# Hidden Gems



## Denny James (Jul 12, 2006)

I am preparing a program for The Villages, Florida Classical Music Club (230 members) on hidden gems of classical music and would appreciate any suggestions you might have. Our club is a mix of inexperienced but appreciative listeners of classical music up to professional musicians. Perhaps a few examples from past presentations of music the majority of the group both liked and had not heard before will help calibrate you on their level of experience: Marco Enrico Bossi's Giga, Anton Rubinstein's Kamenoi Ostro, Phillip Glass's The Light from his 4th symphony.
Thanks


----------



## Ephemerid (Nov 30, 2007)

Sounds like a great idea Denny! 

As far as "hidden gems" go, how about these?

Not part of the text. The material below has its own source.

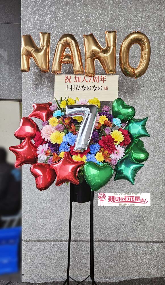 - 『日向坂46 15thシングル『お願いバッハ!』発売記念「リアルミート&グリート」「リアルサイン会」』京都パルスプラザ(京都市伏見区)上村ひなの 様に祝花(フラスタ)【生花×造花】をお届けしました。数色をミックスしておまとめしました。大きなアルファベットバルーンなどたくさんのバルーン装飾で可愛さをプラスしています。京都市伏見区のお祝い花(アレンジメント花・スタンド花・フラスタ・胡蝶蘭・観葉植物)の手配は親切なお花屋さん(開店祝い.com)にお任せください!

_Lou Harrison: Suite for Cello and Harp 
John Cage: In a Landscape (for piano)
Erik Satie: Socrate (two version: soprano & orchestra or temor & piano)
Igor Stravinsky: Apollon musagetes (for string orchestra)
Igor Stravinsky: Eight Instrumental Miniatures
Toru Takemitsu: Tree-Line (for chamber orchestra)
Toru Takemitsu: Garden Rain (for brass ensemble)
Claude Debussy: Sonata for flute, viola and harp
Claude Debussy: Danse sacree et profane (for harp and strings)
Aaron Copland: Our Town Suite
Ingolf Dahl: Conertino a Tre (for clarinet, violin and cello)
Ralph Vaughan-Williams: Silent Noon (I prefer the version for baritone and piano)_

Also, Stokowski did a nice orchestration of Debussy's _The Engulfed Cathedral..._

The Takemitsu pieces are the only rather "radical"sounding pieces, but its far from Schoenberg.

The Harrison piece is probably VERY hard to find. If you are interested in that piece, I can direct you to it (hopefully it is not out of print)-- just PM me. 

~josh


----------



## Kurkikohtaus (Oct 22, 2006)

Sibelius: _Kurkikohtaus_

(Scene with Cranes from _Kuolema_)


----------



## ChamberNut (Jan 30, 2007)

fool on the hill said:


> Claude Debussy: Danse sacree et profane (for harp and strings)~josh


Love this one Josh! I have that version for harp and strings, there is also a harp and orchestra version.

Another hidden gem is Dvorak's _The Wild Dove _symponic poem.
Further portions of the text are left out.